Ecclestone: Ich traf Max das erste Mal, da hatte er noch nicht mal Barthaare. Aber ich konnte sehen: Der hat was Spezielles. Leider ist er reifer geworden (lacht) und sorgt nicht mehr für so viel Entertainment. Er wird die WM irgendwann gewinnen, genau wie Leclerc.

"Formel-1-Piloten sind wie Astronauten"

SPORT1: Bekommt die Formel 1 wegen des grünen Zeitgeistes langfristig ein Problem?

Ecclestone: Die Formel 1 wird überleben, in welcher Form auch immer. Weil sie größer ist als einzelne Personen. War die Mondlandung notwendig? Machte sie die Hungernden satt? Nein, aber trotzdem war die Menschheit fasziniert.

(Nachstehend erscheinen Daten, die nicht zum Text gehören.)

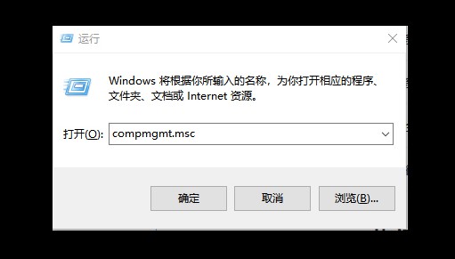 1、同時按住Win+R,然后輸入命令compmgmt.msc,打開管理頁面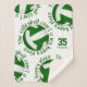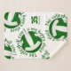 This sporty volleyball themed sherpa fleece blanket features 5 randomly arranged green and white volleyballs with the text, "The volleyball court is my happy place" in green encircling each volleyball in a fun typographic font, all on a white background - her name and jersey number are customisable - by katz_d_zynes

Die Menschen brauchen Helden. Rennfahrer, speziell Formel-1-Piloten, sind in gewisser Weise Astronauten, auf die man voller Bewunderung hinaufschaut. Ayrton Senna ist das beste Beispiel. Selbst den Ärmsten hier in Brasilien brachte er Licht und Lebensmut in ihren finsteren Tunnel des Daseins. Im Moment bräuchte man ihn hier mehr denn je.
 
SPORT1: Warum haben Sie nicht in die Formel E investiert?

Ecclestone: Ich hatte mal die Chance, lehnte aber ab. Aber eines finde ich bei der Formel E gut: Die Autos sind so leise, da kann man sich immer noch entspannt unterhalten.